Beloved Reader,
I stood atop the cascading rocks at Castle Edinburgh a few days ago in Scotland, imagining the manpower that was laid within those stones and mortar, a whole village lending a helping hand to build a place to live and rule for the King. The majesty of it all was astounding, beautiful, breathtaking. The turrets, the cobble stone roads, the moat, and the view from beyond the castle wall was one of the most spectacular things I’ve ever seen. Call me a tourist. Call me a lover of past triumphs and failures. Perhaps it’s the gruesome history that attracts me. The bloodthirsty crowds that awaited trails and tortures of traitors and thieves. Maybe I am just odd. Bertrand Russell once said:
“Happiness is nonetheless true happiness because it must come to an end, nor do thought and love, lose their value because they are not everlasting.”
I believe the finite sense in which we live compels us to look at life more beautifully, more profound, more involved. After all, how exciting would this life be, if it were everlasting?

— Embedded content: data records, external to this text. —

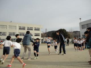 朝の時間帯に,運動場で全校児童が集って「長なわ集会」を行いました。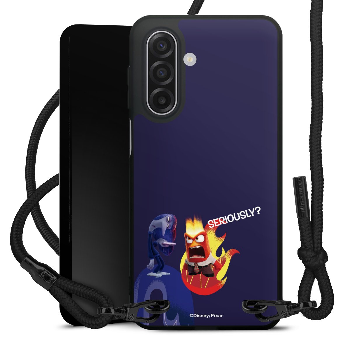 Pure Black: Handyhülle, Stoffband und Metalldetails in stylischem Mattschwarz.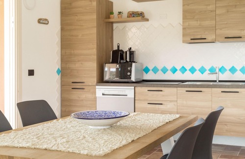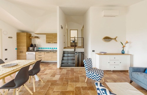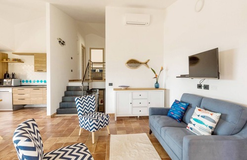The rooms, spread between the raised ground floor and the basement, offer intimate spaces whose details recall the Sardinian tradition revisited in a modern key. The two double rooms on the raised ground floor and the single room, with its pull-out bed, overlook the well-kept private garden, while the rooms in the basement (two double rooms and one single room with a pull-out bed), although lacking direct light, open onto light wells enriched with sculptures that narrate the sea of Sardinia, transforming every awakening into a unique experience. The villa also has an additional furnished space, with a second kitchenette, ideal for hosting groups and enjoying evenings of complete relaxation, without disturbing the quiet of the sleeping areas.

I am sitting on an airplane flying back from England at this very moment. I look out of the window and all I can see is the mighty Atlantic Ocean stretched out for thousands of miles in all directions below me. I can’t imagine the weight and loss of crossing this magnificent body of water on a ship bound for the new world only a century ago. We live in an age of convenience, of conformity and of calamity. Yet still, here in 2013 I am grateful to have the opportunity to live this life, no matter how short it may or may not be.
May 13th 2013. I’ve officially being travelling and touring and releasing records for a decade. What a fucking dream come true. No, I am not rich. Nor do I have an education, a rich uncle, or a family business to fall back on. This is it for me. I endeavor to create art that means something to me, and hopefully it means something to you as well. More often than not I feel guilty. I feel the guilt of not contributing to this world, financially, scientifically, and perhaps existentially. I’ve lived “Paycheck to Paycheck” like so many of you in this country since I started paying my own bills 15 or so years ago. But, my modest life has afforded me the luxury of traveling and seeing the world, which is most certainly something I never thought I’d get a chance to do.

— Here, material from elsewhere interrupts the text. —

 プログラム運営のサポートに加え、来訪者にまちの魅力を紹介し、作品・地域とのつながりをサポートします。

This month also marks another milestone. It’s been more than a year since the release of “Silentium Amoris”. Time just seems to slip right past us, doesn’t it? In the last year I have fully toured the United States and Canada three separate times and traveled back to the old world almost ten. The time has finally come to take a break. Believe me, I could use the rest. I feel 10 years older than I am. As you’re reading this, you’re probably wondering, a break? For how long?? The truth is, I am mad at times, insane with inspiration and cannot sit still for very long, that probably lends to the prolific nature of my being. Maybe it’s because I don’t self medicate, to quiet the voices within my head I write, I create, and I may have found a new love of stone masonry and laying bricks.

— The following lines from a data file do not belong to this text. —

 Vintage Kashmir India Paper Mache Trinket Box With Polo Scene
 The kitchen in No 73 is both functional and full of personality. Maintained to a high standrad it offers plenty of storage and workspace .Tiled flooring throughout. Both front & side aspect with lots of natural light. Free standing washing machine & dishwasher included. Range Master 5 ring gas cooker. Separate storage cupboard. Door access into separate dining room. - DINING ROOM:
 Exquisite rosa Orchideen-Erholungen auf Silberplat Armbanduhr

This summer is going to be filled with time at home with my family, BBQs and nights out in the garden looking up at different constellations that surround us. Ancient men and women thought they were benevolent gods with plans, or angry deities whose wrath they didn’t want to experience. Now, with modern science, technology and the power of the Hubble telescope, we know that they are not only unthreatening, but are in fact, different planets arranged in other solar systems, living in galaxies and galaxy clusters all over the known universe. You don’t need stories written in ancient times about preposterous events like living in a big fish, or parting a red sea to feel the spectacular beauty that has enveloped this world since the dawn of time. You merely need to look up at the sky to notice the awe-inspiring place we all reside. And how fortunate we are not to be fooled by myths.
Kenneth and I have gotten a huge portion written for the next chapter in the saga of William Control. Some of you have read interviews where I have talked a little about it. The story is going to be a prelude to Hate Culture. We are going to dive into the events and creation of the madness in this characters life and the reason why he is so destructive. I’ll be setting up some pre order stuff in the coming months to try and fund the album. So keep and eye out for that.
Sadness creeps into my heart when I think about not playing any shows for the next 6 months or so. I come alive when I am performing for you but I know the wait will be well worth it. The rumors are true. After 5 years of doing this project I am finally going out on a headline tour here in America. We’ve been setting it up for a couple of months now and I am going to try and come to all places you’ve asked me to. If there are bands or artists you’d like to see out on the tour with me please feel free to message me on facebook or twitter and voice your opinions. I’ll probably do some limited VIPs for that tour as well. Be on the look out.
I am also going to be producing a band from London called “Fearless Vampire Killers” next month here at Hells Half Acre. They are spectacular and if you don’t know who they are yet, you will soon enough.
It’s been a pleasure. Thank you for coming to the shows, singing along and dancing your fucking ass off. I cannot wait for the future of all our adventures together.